01:35:26 And I have done some work to introduce a set of bills relative to expanding language inclusivity
01:35:37 and making sure that we are making the information much more accessible to people whose language
01:35:44 is--first language is not English.
01:35:46 And so, I would love to have you combine these two issues for me if you can.
01:35:54 How and why are we here and then what are things like language access and ways that
01:36:01 companies continue to take advantage of these communities?

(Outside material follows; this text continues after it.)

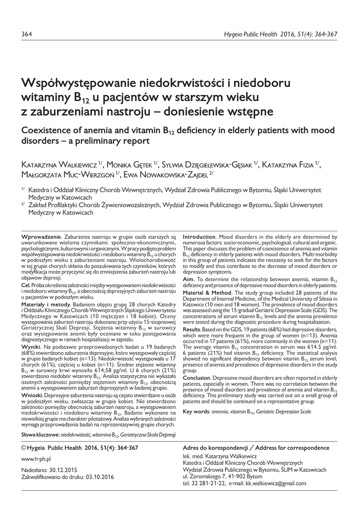 364 Hygeia Public Health 2016, 51(4): 364-367 Współwystępowanie niedokrwistości i niedoboru witaminy B12 u pacjentów w starszym wieku z zaburzeniami nastroju – doniesienie wstępne Coexistence of anemia and vitamin B12 deficiency in elderly patients with mood disorders – a preliminary report Katarzyna Walkiewicz 1/, Monika Gętek 1/, Sylwia Dzięgielewska-Gęsiak 1/, Katarzyna Fizia 1/, Małgorzata Muc-Wierzgoń 1/, Ewa Nowakowska-Zajdel 2/ Katedra i Oddział Kliniczny Chorób Wewnętrznych, Wydział Zdrowia Publicznego w Bytomiu, Śląski Uniwersytet Medyczny w Katowicach 2/ Zakład Profilaktyki Chorób Żywieniowozależnych, Wydział Zdrowia Publicznego w Bytomiu, Śląski Uniwersytet Medyczny w Katowicach 1/ Wprowadzenie. Zaburzenia nastroju w grupie osób starszych są uwarunkowane wieloma czynnikami: społeczno-ekonomicznymi, psychologicznymi, kulturowymi i organicznymi. W pracy podjęto problem współwystępowania niedokrwistości i niedoboru witaminy B12 u chorych w podeszłym wieku z zaburzeniami nastroju. Wielochorobowość w tej grupie chorych skłania do poszukiwania tych czynników, których modyfikacja może przyczynić się do zmniejszenia zaburzeń nastroju lub objawów depresji. Cel. Próba określenia zależności między występowaniem niedokrwistości i niedoboru witaminy B12, a obecnością depresyjnych zaburzeń nastroju u pacjentów w podeszłym wieku. Materiały i metody. Badaniem objęto grupę 28 chorych Katedry i Oddziału Klinicznego Chorób Wewnętrznych Śląskiego Uniwersytetu Medycznego w Katowicach (10 mężczyzn i 18 kobiet). Oceny występowania zaburzeń nastroju dokonano przy użyciu 15-stopniowej Geriatrycznej Skali Depresji. Stężenia witaminy B 12 w surowicy oraz występowanie anemii były oceniane w toku postępowania diagnostycznego w ramach hospitalizacji w szpitalu. Wyniki. Na podstawie przeprowadzonych badań u 19 badanych (68%) stwierdzono zaburzenia depresyjne, które występowały częściej w grupie badanych kobiet (n=13). Niedokrwistość występowała u 17 chorych (61%), częściej u kobiet (n=11). Średnie stężenie witaminy B12 w surowicy krwi wynosiło 614,58 pg/ml. U 6 chorych (21%) stwierdzono niedobór witaminy B12. Analiza statystyczna nie wykazała istotnych zależności pomiędzy stężeniem witaminy B12, obecnością anemii a występowaniem zaburzeń depresyjnych w badanej grupie. Wnioski. Depresyjne zaburzenia nastroju są często stwierdzane u osób w podeszłym wieku, zwłaszcza w grupie kobiet. Nie stwierdzono zależności pomiędzy obecnością zaburzeń nastroju, a występowaniem niedokrwistości i niedoboru witaminy B12. Badanie wykonane na niewielkiej grupie ma charakter pilotażowy. Analiza wybranych zależności wymaga przeprowadzenia badań na reprezentatywnej grupie chorych. Introduction. Mood disorders in the elderly are determined by numerous factors: socio-economic, psychological, cultural and organic. This paper discusses the problem of coexistence of anemia and vitamin B12 deficiency in elderly patients with mood disorders. Multi-morbidity in this group of patients indicates the necessity to seek for the factors to modify and thus contribute to the decrease of mood disorders or depression symptoms. Aim. To determine the relationship between anemia, vitamin B12 deficiency and presence of depressive mood disorders in elderly patients. Material & Method. The study group included 28 patients of the Department of Internal Medicine, of the Medical University of Silesia in Katowice (10 men and 18 women). The prevalence of mood disorders was assessed using the 15-gradual Geriatric Depression Scale (GDS). The concentrations of serum vitamin B12 levels and the anemia prevalence were tested during the diagnostic procedure during hospitalization. Results. Based on the GDS, 19 patients (68%) had depressive disorders, which were more frequent in the group of women (n=13). Anemia occurred in 17 patients (61%), more commonly in the women (n=11). The average vitamin B12 concentration in serum was 614.5 pg/ml. 6 patients (21%) had vitamin B12 deficiency. The statistical analysis showed no significant dependency between vitamin B12 serum level, presence of anemia and prevalence of depressive disorders in the study group. Conclusion. Depressive mood disorders are often reported in elderly patients, especially in women. There was no correlation between the presence of mood disorders and prevalence of anemia and vitamin B12 deficiency. This preliminary study was carried out on a small group of patients and should be continued on a representative group. Key words: anemia, vitamin B12, Geriatric Depression Scale Słowa kluczowe: niedokrwistość, witamina B12, Geriatryczna Skala Depresji © Hygeia Public Health 2016, 51(4): 364-367 Adres do korespondencji / Address for correspondence www.h-ph.pl lek. med. Katarzyna Walkiewicz Katedra i Oddział Kliniczny Chorób Wewnętrznych Wydział Zdrowia Publicznego w Bytomiu, ŚUM w Katowicach ul. Żeromskiego 7, 41-902 Bytom tel. 32 281-21-22, e-mail: [email protected] Nadesłano: 30.12.2015 Zakwalifikowano do druku: 03.10.2016 Walkiewicz K i wsp. Współwystępowanie niedokrwistości i niedoboru witaminy B12 u pacjentów w starszym wieku ... 365 Wprowadzenie Cel Według aktualnych danych demograficznych średnia długość życia w Polsce wynosi 72,7 lat dla mężczyzny i 80,9 lat dla kobiet. Z analizy parametru dalszego przewidywanego życia dla osób w wieku 60 lat wynika, że wynosi on aktualnie 18,5 lat dla mężczyzn i 23,7 lat dla kobiet. W porównaniu z latami poprzednimi długość ta jest większa o kilka lat, i nadal wykazuje tendencję rosnącą. Dane te są odzwierciedleniem procesów demograficznych, które opisywane są jako starzenie się populacji. Fakt ten stawia nowe wyzwania przed organizacją ochrony zdrowia i zmusza do bardziej szczegółowego przyjrzenia się problemom zdrowotnym populacji osób starszych [1]. Charakterystyczną cechą pacjentów w starszym wiek

01:36:06 So sure, thank you.
01:36:07 I'll start with the first half and touching on a bit of what Santi said but adding that
01:36:14 Gen Z and millennials face a housing market that's dramatically different than what generations
01:36:19 before did.
01:36:21 Currently something like 30% of Gen Z after high school or college are living with their
01:36:26 parents.
01:36:27 And this is really about a lack of supply of housing, right?
01:36:31 But this means that they're not getting on the escalator to home ownership, to wealth
01:36:35 building, to all the aspects of what we associate with the American dream.
01:36:40 So related to your question, these new generations, younger generations are more diverse, right?
01:36:46 The bargain they're seeing isn't the same bargain.
01:36:49 And so the point about making sure that financial institutions use inclusive language, well,
01:36:54 this is very important.
01:36:55 We've worked a lot over time in things like adverse action notices, right?
01:37:01 When you are turned down for credit, well, why were you turned down for credit?
01:37:04 Well, if it's in English, that doesn't really help.
01:37:06 If you're someone who comes from a family that speaks a different language, right?
01:37:11 This is vitally important to being fair.
01:37:14 Thank you, Senator Butler.
01:37:18 Thank you all for being here, for good questions.
01:37:21 I appreciated so many people, especially on this side of the aisle, with such good questions.
01:37:27 Appreciated the involvement of everyone on this committee.
01:37:30 Senators who wish to submit questions for the hearing record, they're due one week from
01:37:34 today, March, May 9th.
01:37:36 To the witnesses, please submit your responses to the questions within 45 days from the day
01:37:41 you receive them.
01:37:43 Thank you all again.
01:37:44 With that, the hearing is adjourned.